Problem
The user needs insights into why the system did what it did.
Solution
Provide an explanation that enables the user to infer a connection between user behaviors and the system’s decision(s). Often used together with G11-E: Map user behaviors to system outputs.
Use when
- The system’s decision can be (partially) explained by input attributes. If system decisions depend on both input attributes and user behaviors, consider combining with G11-E: Map user behaviors to system outputs.
- It’s desirable for the system to be transparent and to enable the user to understand which attributes the system uses to decide its output.
- The user doesn’t understand why the system took a specific action.
- The user wants to understand the system’s logic.
- Policy or regulations require the system to make an explanation available.
How
Collaborate with an AI/ML practitioner to collect information about which input attributes informed the system:
- Identify which input attributes, as well as interactions between attributes, the system uses to determine its decisions.
- Retrieve the most important attributes for the system’s output.
The explanation might cover a specific system decision (see G11-A: Local explanations) or general system behavior (see G11-B: Global explanations).
The explanation might include, for each displayed attribute, information about its importance in the system’s decision making.
The content of local explanations can also include a set of attributes most influential to the system’s output
The content of global explanations can also include types of attributes the system uses to determine its decisions.
User benefits
- Enables the user to understand how the system connects input attributes to decisions.
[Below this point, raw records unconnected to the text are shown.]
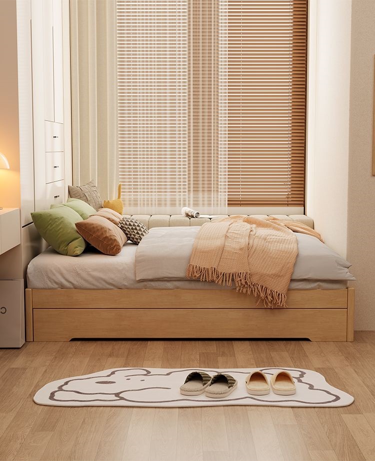 현대 간단한 단단한 나무 싱글 더블 침대 1.35 m1.2 m 가정용 저장 침대 1 m 풀아웃 어머니 침대 견인 침대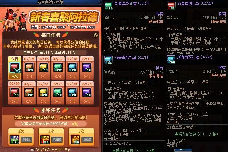 每天通關4次即可完成簽到,核心獎勵主要有: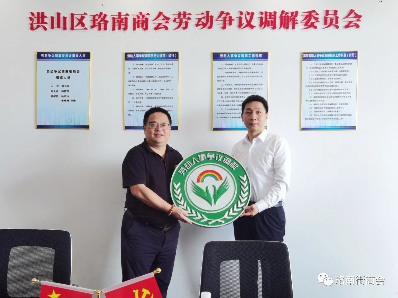 我司董事長參加珞南街商會勞動爭議調解委員會授牌儀式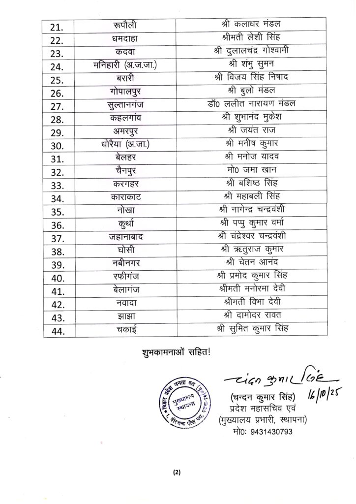दूसरी सूची में कई मौजूदा मंत्री और वरिष्ठ नेता दोबारा मैदान में उतरे हैं। इनमें विजेंद्र यादव, लेशी सिंह, शीला मंडल, कलाधर मंडल और सुमित सिंह के नाम प्रमुख हैं।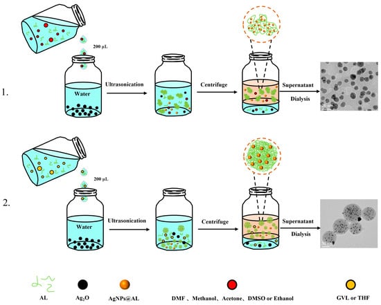 Scheme 1 illustrates the synthesis process of AgNPs@AL. In a specific experiment, 40 milligrams of alkaline lignin (AL) were dissolved in 1 mL of a binary solvent consisting of organic solvent and water in a 4:1 (v/v) ratio. The organic solvents utilized included dimethylformamide (DMF), methanol, dimethyl sulfoxide (DMSO), ethanol, acetone, tetrahydrofuran (THF), and γ-valerolactone (GVL), respectively. Subsequently, 0.2 mL of the AL solution was added dropwise to 1 mg/mL of silver oxide (Ag2O) aqueous suspension while subjected to ultrasonic irradiation at 360 W for 5 min (Product Model: Biosafer 900-92). Following the reaction, unreacted components were separated by centrifuging at 2000× g for 10 min to remove the excessive Ag2O. The supernatant was then dialyzed to obtain purified AgNPs@AL. In Scheme 1, the first row represents the synthesis process of nanosilver prepared using lignin dissolved by organic solvent systems of DMF, methanol, DMSO, ethanol, and acetone, respectively. On the other hand, the second row in the same figure indicates the synthesis process of nanosilver prepared using lignin dissolved by organic solvent systems of GVL or THF.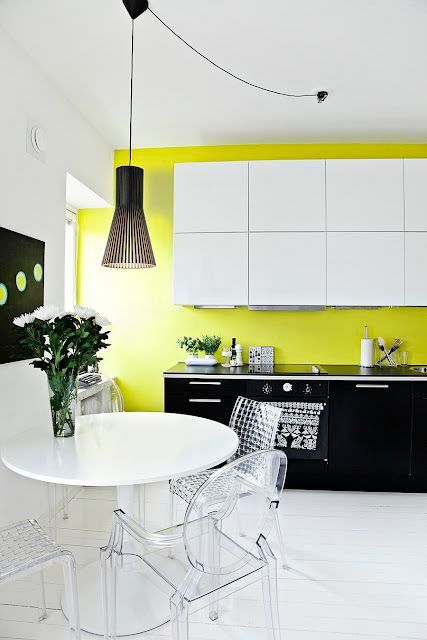 Un accent de galben-lime intr-o amenajare minimalista cu fundal alb si suprafete netede si lucioase.

- Gives the user insights into the system’s reasoning.
- Enhances user trust because of system transparency.
Common pitfalls
- It’s unclear why the important inputs are important.
- General summaries of attributes are too vague.
- It’s difficult for the user to infer the connection between system inputs and system outputs.
- It’s difficult for the user to interpret the meaning of an attribute’s importance.
- The reasoning behind the system’s decision is invalid, even though the decision itself is relevant to the user.
- Too much information in an explanation can be overwhelming to the user.